Re: [cgroup/for-6.20 PATCH v2 3/4] cgroup/cpuset: Don't fail cpuset.cpus change in v2

Posted by Waiman Long 1 month ago

On 1/4/26 2:09 AM, Chen Ridong wrote:
>
> On 2026/1/2 3:15, Waiman Long wrote:
>> Commit fe8cd2736e75 ("cgroup/cpuset: Delay setting of CS_CPU_EXCLUSIVE
>> until valid partition") introduced a new check to disallow the setting
>> of a new cpuset.cpus.exclusive value that is a superset of a sibling's
>> cpuset.cpus value so that there will at least be one CPU left in the
>> sibling in case the cpuset becomes a valid partition root. This new
>> check does have the side effect of failing a cpuset.cpus change that
>> make it a subset of a sibling's cpuset.cpus.exclusive value.
>>
>> With v2, users are supposed to be allowed to set whatever value they
>> want in cpuset.cpus without failure. To maintain this rule, the check
>> is now restricted to only when cpuset.cpus.exclusive is being changed
>> not when cpuset.cpus is changed.
>>
> Hi, Longman,
>
> You've emphasized that modifying cpuset.cpus should never fail. While I haven't found this
> explicitly documented. Should we add it?
>
> More importantly, does this mean the "never fail" rule has higher priority than the exclusive CPU
> constraints? This seems to be the underlying assumption in this patch.

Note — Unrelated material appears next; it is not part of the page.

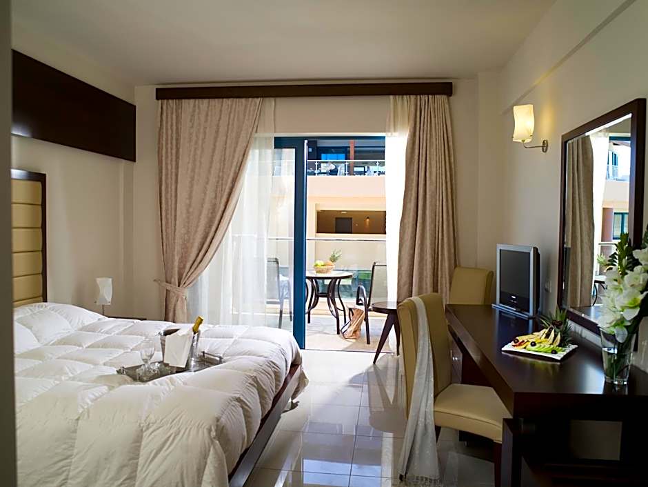Enjoying side views of the Cretan Sea from its furnished balcony, this elegantly decorated room offers free Wi-Fi. Facilities include: -satellite LCD TV -mini fridge -bathrobes and slippers -free toiletries.

Before the introduction of cpuset partition, writing to cpuset.cpus will 
only fail if the cpu list is invalid like containing CPUs outside of the 
valid cpu range. What I mean by "never-fail" is that if the cpu list is 
valid, the write action should not fail. The rule is not explicitly 
stated in the documentation, but it is a pre-existing behavior which we 
should try to keep to avoid breaking existing applications.

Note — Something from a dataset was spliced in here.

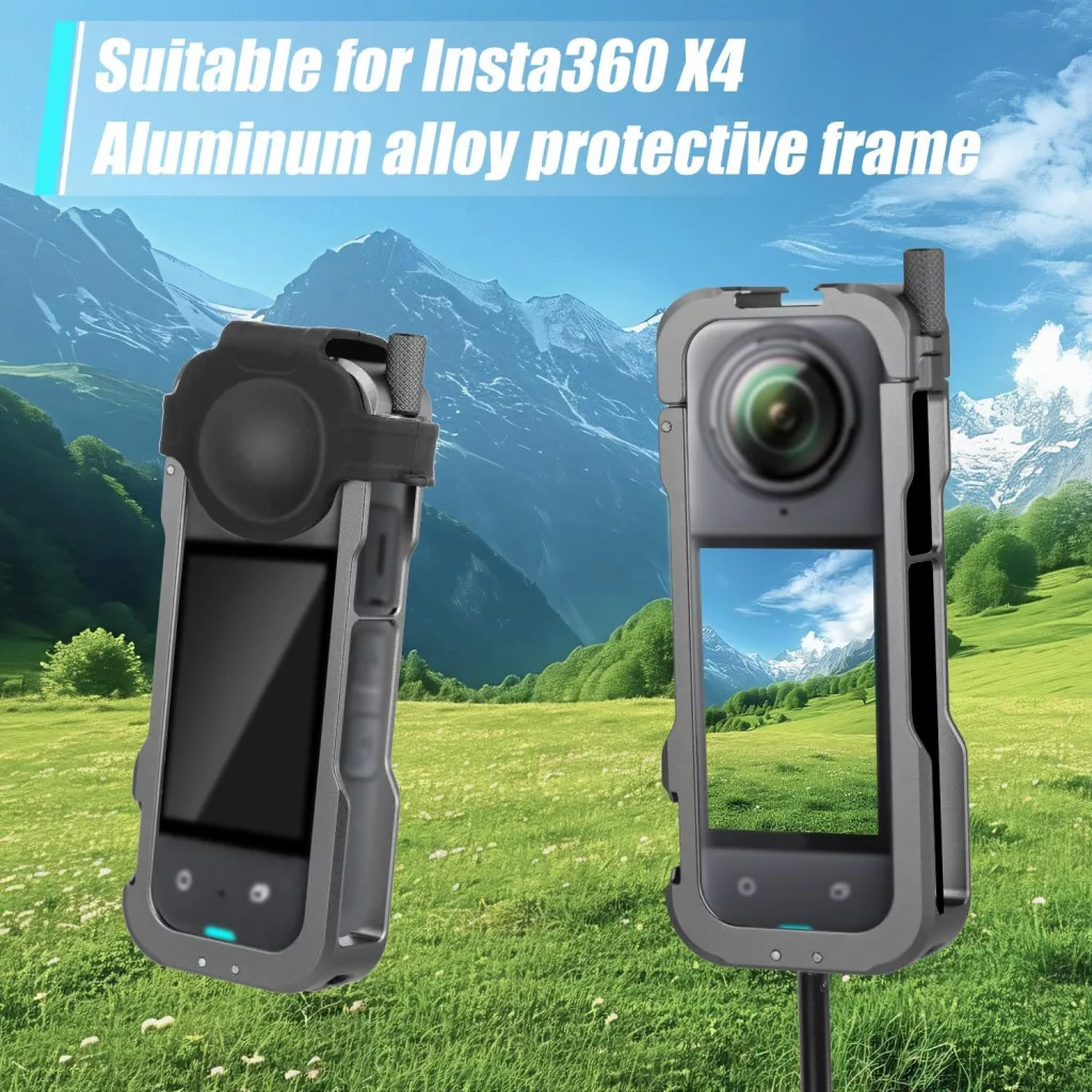 A keret univerzális kialakítása lehetővé teszi, hogy különböző méretű és típusú Insta360 kamerákkal használja. Az alumínium váz biztonságosan tartja a kamerát, miközben hozzáférést biztosít minden gombhoz, csatlakozóhoz és funkcióhoz. A szilikon lencsevédő tökéletesen illeszkedik a kamera lencséjéhez, megvédve azt a karcolásoktól és sérülésektől.

The exclusive CPU constraint does not apply to cpuset.cpus. It only 
applies when setting cpuset.cpus.exclusive wrt to other 
cpuset.cpus.exclusive* in sibling cpusets. So I will not say one has 
higher priority than the other.

Cheers,
Longman

Re: [cgroup/for-6.20 PATCH v2 3/4] cgroup/cpuset: Don't fail cpuset.cpus change in v2

Posted by Michal Koutný 1 month ago

On Sun, Jan 04, 2026 at 04:48:06PM -0500, Waiman Long <llong@redhat.com> wrote:
> Before the introduction of cpuset partition, writing to cpuset.cpus will
> only fail if the cpu list is invalid like containing CPUs outside of the
> valid cpu range. What I mean by "never-fail" is that if the cpu list is
> valid, the write action should not fail. The rule is not explicitly stated
> in the documentation, but it is a pre-existing behavior which we should try
> to keep to avoid breaking existing applications.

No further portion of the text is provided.